August 27, 2019

Tour Report: Railway Bridge D.

This one is more a monument than an abandoned place, but we were in the area and thought it might be a good place to visit and take some photos.
The drive from the abandoned garrison that we had visited first took about 45 minutes, during which the sky above us became completely clear of clouds. As we arrived at the old railway bridge, that had been a symbol for the German separation, we found a place to park right away. There is a free public parking lot pretty close to the bridge itself.
The bridge used to be more than 1.000 meters long before half of it was destroyed during World War II, so it was a very impressive structure, even as we were still relatively far away.
We took our photos, and I got a bit annoyed that there were no clouds in the sky. A clear blue sky without any clouds looks boring in most photos - but at least it wasn't raining ;)
The fortified bridgehouse was surrounded by scaffolding after Dutch investors bought the bridge and are in the process of securing and renovating it.
Of course, we slipped through the construction fence to get a closer look. There was a slippery, muddy slope that we had to climb in order to get up to the bridgehouse, but we managed and got to enjoy the view along the railway bridge to the other (East German) side of the River Elbe.
Towards the end of our exploration, we walked across the grasslands and admired the massive bridge piers that keep the steel construction on top in place.

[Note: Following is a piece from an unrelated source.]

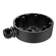 Caja de conexiones para cámaras domo para uso exterior. Instalación en techo o pared, color negro con pasador de cables

The old bridge is definitely worth a visit, and since it is a monument, I can share the location:

To check out all the photos from this place and to find out about its history, click the button below.

August 24, 2019

Tour Report: Border Troops H.

Back in late October of  2017, we went for a day of exploring with our friend Freddy from Nordgriller Urbex. The days were getting shorter, so we decided for a couple of spots that were only about two hours away from our hometown, so we'd have enough sunlight to take our photos.
As Freddy picked us up early in the morning, the sun was just coming up, and the weather looked perfect for a tour.
For the first spot, we only had to drive to the border where Germany had been separated until 1990. For fear that NATO might start an attack on the Eastern Bloc, the East German military had set up a chain of garrisons along the entire border. These were manned by the "Grenztruppen" (Border Troops), a military formation tasked with securing and controlling the state border.
Most of the garrisons that I have seen were standardized facilities with accommodation and office building, vehicle garages, dog kennels and a small bunker for storing ammunition. This one was no different.
As we drove past the place, we noticed that it was not secured in any way; the gate was wide open, and there were no signs of any use - except for dumping trash. Many abandoned former military installations in Eastern Germany are being used by the locals for dumping all types trash. It was the same here. Old electric appliances and tires were lying around as well as various plastic bags of unknown content.
Entering the place was as easy as we'd suspected. All the doors were open, and we could walk around as we pleased.
Of course, the copper thieves have made a mess of the place over the years - but surprisingly enough, there weren't too many signs of the local youth using this place for hanging out. There were hardly any graffiti and/or leftovers from parties.
The place wasn't too interesting, but we got a few nice photos out of it in the end - and another green pin on our map ;)
After about 90 minutes or so, we left and went back to the car to drive to the next spot we'd planned for the day.

To check out all the photos from this place and to find out about its history, click the button below.

August 10, 2019

Tour Report: Farmhouse "Danish Dynamite" [Revisit]

Only a short while after my first visit to this place, I got the chance for a short revisit. My niece worked for a German radio station at the time, and they had her do a short piece about urban exploring. So we drove up to Denmark, so I could show her the abandoned house that we had discovered a few weeks earlier.
My niece had been on tour with us once before, so she wasn't completely new to the hobby of urban exploration. We parked in the same spot where we had parked for our last visit, walked around the house, and the window was still open.
My niece was recording everything, asking questions and describing what we were seeing.
We started with the house itself and then made our way into the barn. There were actually a few shots that I'd missed the first time around, and the light was pretty good as well.
After about an hour, we climbed out again.
On the way to the car, we noticed that a neighbor was standing in front of his house and looking at us. We thought that this was a unique chance to get a little extra for the radio, and walked over to him.
We introduced ourselves, and he told us that he had seen us walking around the old house. Apparently, he had no problem with this, and he even agreed to tell us a little bit about the story of the house we'd just explored. Since he spoke German, that was a really nice addition for the recording.
When we were finished, we packed up and headed back home.